This year’s Thanksgiving Day falls on the latest possible date: Nov. 28. We have to wait for it through almost the entire month of November, and that is good preparation for the more important waiting we are about to do. On Sunday, Dec. 1, we will enter the season of Advent, the time of preparation for the fulfillment of God’s promise, the coming of the Savior.
It took a long time for that promise to be fulfilled. The readings and hymns of Advent express beautifully the desire and longing of humanity for the Savior who is to come. In our part of the world, nature itself reflects the deepening sense of need, of hope struggling against despair: the days grow shorter, darkness consumes more of our waking hours, people’s spirits seem to sink with the ever-earlier sunset.
We know, of course, that the light will return, and more important, that the Light will come. All we have to do is wait. That’s where I falter.
I’m not good at waiting. If I need something, I want it now, whether it’s tangible, like lunch, or intangible, like information on the Internet. If the traffic light is red, I want it to turn green immediately. If I’m stuck in a slow-moving line at the supermarket, I glance around for a line that’s moving faster. Wherever I go I bring plenty of reading material just in case—perish the thought!—I have to wait.
If my parents had copied the Pilgrims’ custom of naming children for virtues, and had called me “Patience,” they would have stuck “Im” in front of it before I was out of pinafores.
To judge from casual observation, I have company. A lot of people seem to be in a hurry. I always wonder why they’re rushing, and sometimes I’m tempted to think that whatever errand they’re on, mine is more important.
So it’s no wonder that I have a special place in my heart for the season of Advent. I know that it’s exactly what I need, although I know also that it calls me to change, and that won’t be easy. But that is why the world awaited the Savior with longing: because humanity knew it needed to change.
Advent calls us to trust in God and to be humble and patient. When I find myself rushing mindlessly and exaggerating the importance of whatever I have to do, I will know I need to stop and recall the Lord’s command: “Be still and know that I am God.”
It is humbling, yet also comforting, to remember that I am not the one who is in control. God is.

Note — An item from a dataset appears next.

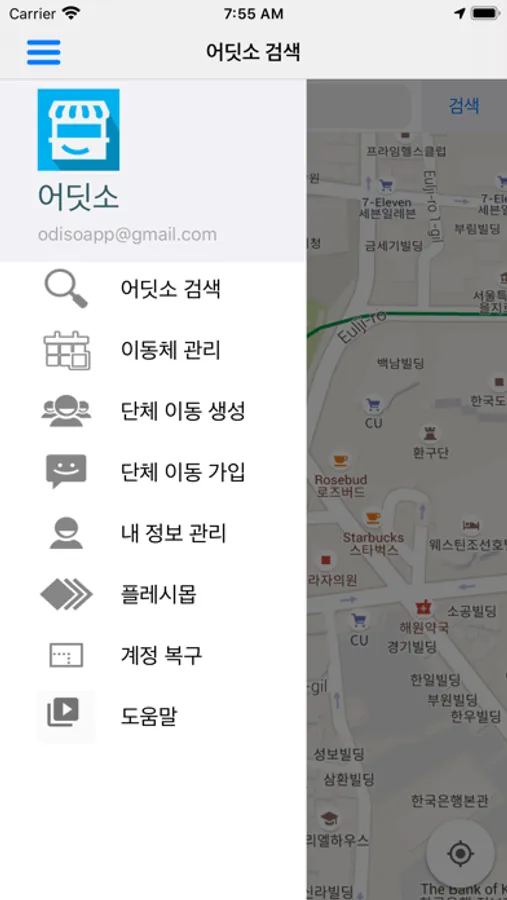 이앱은 위치를 활용한 범용 툴 입니다. 포장마차나 노점상, 드라이브스루 및 각종 이동 하는 업체를 등록 하면 변경된 위치로 검색이 됩니다. 셔틀버스나 카풀 등록도 회원제로 미공개 할 수 있으며, 단체여행등 이동시 서로 단체 소속원 끼리만 검색이 가능 합니다.

When I am sitting at a red light counting the seconds until it changes, I will think about the journey of Mary and Joseph to Bethlehem. What patience it must have taken to make that trip, on foot or by donkey, with Mary nine months pregnant and so many others on the road because of the census. How many in our own time are on the road because of persecution or poverty? Do I really have a right to complain? No, I simply need to be sensible enough to start earlier and leave more time to get where I’m going.
On the First Sunday of Advent, sometime after sunset, I will turn off the lights, strike a match and light a purple candle on my Advent wreath. I will recite a traditional prayer from a decades-old Advent booklet. And I will think about how much the world, and I, need the Savior to deliver us from sin and forgive us and fill us with his grace. I will think about Jesus, the Savior, who is to come, and I will balance the joy of anticipation with the knowledge that He is already at work in the world, and He needs you and me to bring His light and His truth into the darkened places where people struggle to be patient and good, and sometimes succeed and sometimes fail.
I am starting, of course, with myself.